博尔格带着压力而来,最终又惴惴不安而去。
张世康最后的话谈不上威胁,但博尔格仍旧感受到巨大的压力。
南洋水师,也就是此前郑芝龙的军队,即使他们的战船很多排水量都很小,但那仍旧是一支十分庞大的舰队。

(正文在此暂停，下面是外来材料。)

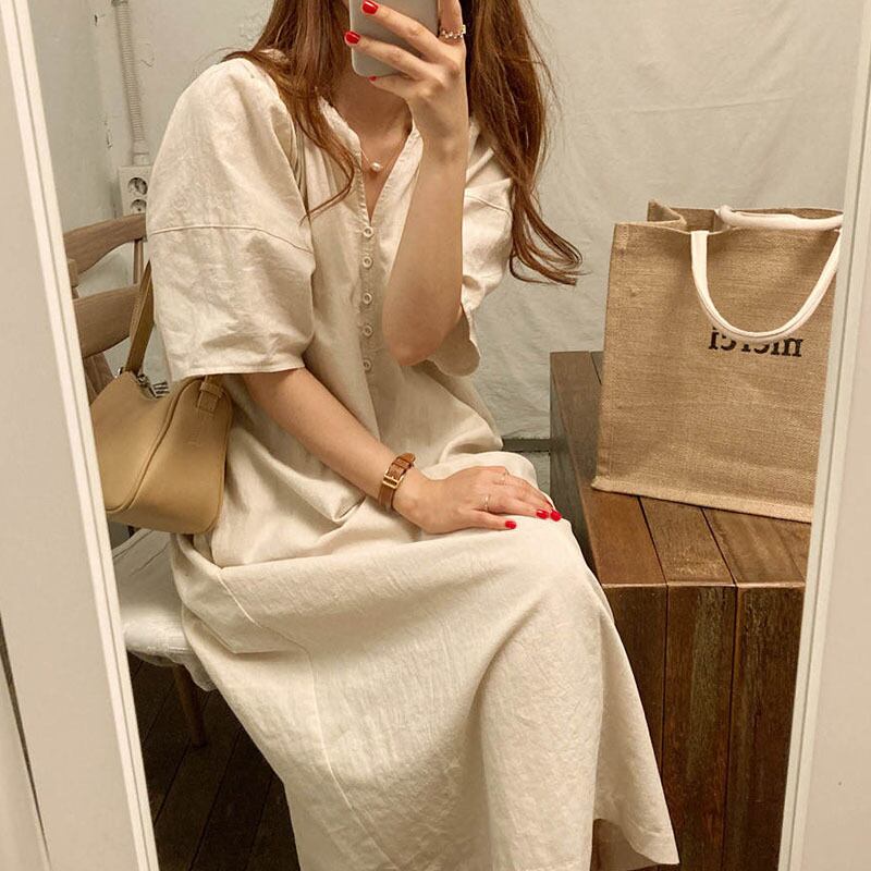 南2021年夏無地気質レトロVネックフレンチニッチワンピースやさしい風ルーズスリムロングスカート サマー 夏物 ソリッドカラー TB2-3 TB2-382618031236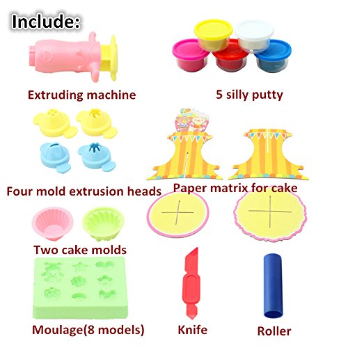 Fajiabao 3D Play Dough Tools with Molds and Models Cupcake giúp bé có thể tạo ra mọi thứ mà bé tưởng tượng bằng những thao tác cực đơn giản. Đầu tiên bé sẽ định hình trong đầu hình ảnh chiếc bánh bé muốn làm, lựa chọn màu sắc và tạo ra màu sắc bằng cách pha trộn nếu cần, mỗi màu sắc thể hiện một hương vị khác nhau, sự pha trộn giữa các màu sắc thể hiện sự tư duy, phân tích và óc quan sát của bé. Dùng khuôn tạo hình bánh Cupcake, sử dụng máy đùn, mẫu trang trí để biến những chiếc bánh trở nên sinh động và hấp dẫn hơn. Bước cuối cùng là sắp xếp, trưng bày tạo ra một bữa tiệc bánh ngọt tuyệt vời trên tháp giấy 2 tầng lung linh, trông nó sẽ như một thành quả kiệt tác để bé có thể chiêm ngưỡng và tự hào.

荷兰国已然两次败于其手,明国要派南洋水师前来,意味何其明显。
如果董事会给出强硬的答复,或许便是战争到来的时候,而郑家又与荷兰国有着深仇大恨。
一旦发生战争,可以想见他以及他的那九百多部下的结局。
当然,这是博尔格的视角,站在张世康这边就又是另一个想法了。
他压根就没想那么多,南洋水师之所以叫南洋水师,自然是越靠近南洋,越方便保卫南洋航线的安全。
吓一吓荷兰佬和葡萄牙佬只是顺带的事。
荷兰佬和葡萄牙佬倘若果真眉头一皱脖子一梗来干仗,张世康估计大概会来上一句求同存异和气生财吧。
毕竟东番岛跑不了,它永远都在那里。
穷则搁置争议,达则自古以来。
目前的大明呢,介于穷和达之间,所以只能借着达的幌子,达的预期,来忽悠、来骗可恶的外藩人。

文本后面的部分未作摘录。